Could you give the data below again exactly, apart from the pictures?

[Stored data — start]

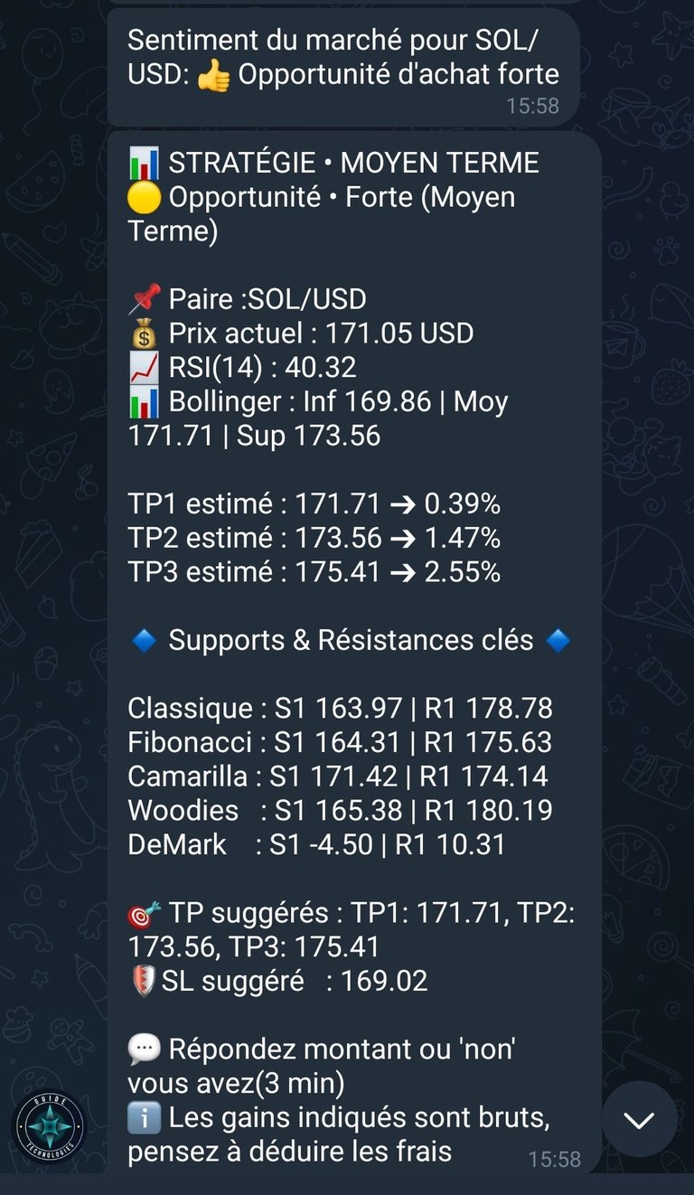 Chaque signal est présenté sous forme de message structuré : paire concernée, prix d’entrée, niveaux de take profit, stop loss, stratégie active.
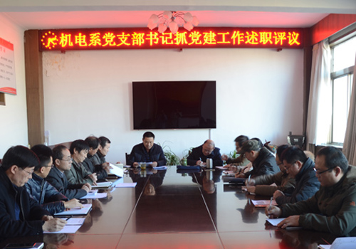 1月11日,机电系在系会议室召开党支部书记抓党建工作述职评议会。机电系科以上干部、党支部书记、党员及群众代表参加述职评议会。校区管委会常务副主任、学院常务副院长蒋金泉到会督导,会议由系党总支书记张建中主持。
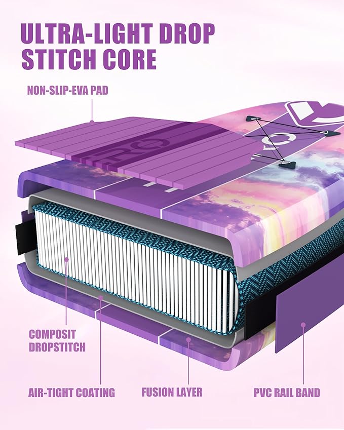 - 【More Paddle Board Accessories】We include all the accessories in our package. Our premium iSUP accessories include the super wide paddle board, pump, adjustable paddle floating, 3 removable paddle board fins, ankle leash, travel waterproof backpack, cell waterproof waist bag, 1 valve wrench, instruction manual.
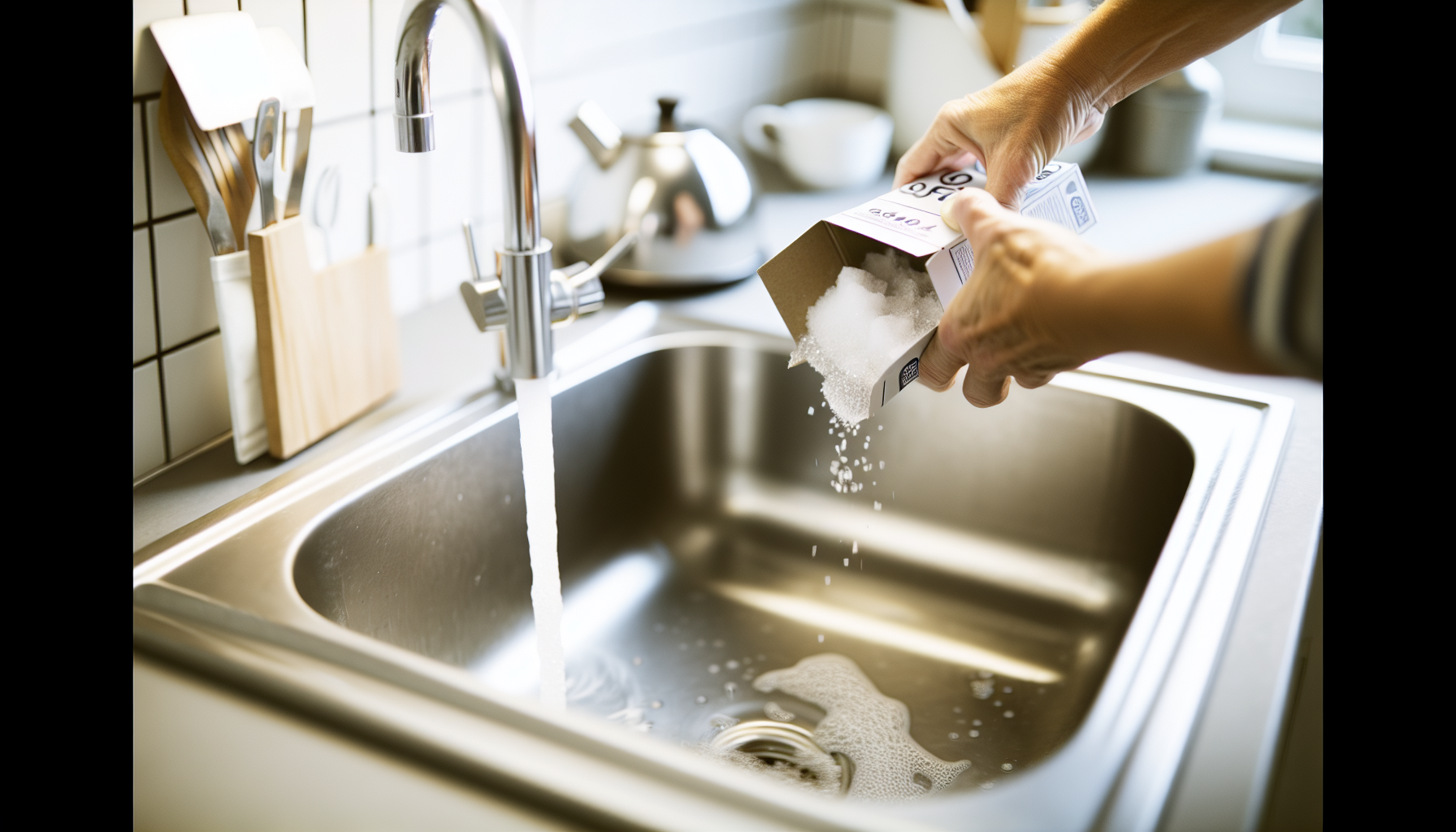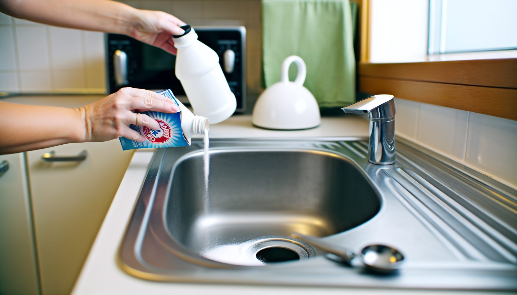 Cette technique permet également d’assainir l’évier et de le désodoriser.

[Stored data — finish]

[Solution below]
 Chaque signal est présenté sous forme de message structuré : paire concernée, prix d’entrée, niveaux de take profit, stop loss, stratégie active.
 1月11日,机电系在系会议室召开党支部书记抓党建工作述职评议会。机电系科以上干部、党支部书记、党员及群众代表参加述职评议会。校区管委会常务副主任、学院常务副院长蒋金泉到会督导,会议由系党总支书记张建中主持。
 - 【More Paddle Board Accessories】We include all the accessories in our package. Our premium iSUP accessories include the super wide paddle board, pump, adjustable paddle floating, 3 removable paddle board fins, ankle leash, travel waterproof backpack, cell waterproof waist bag, 1 valve wrench, instruction manual.
 Cette technique permet également d’assainir l’évier et de le désodoriser.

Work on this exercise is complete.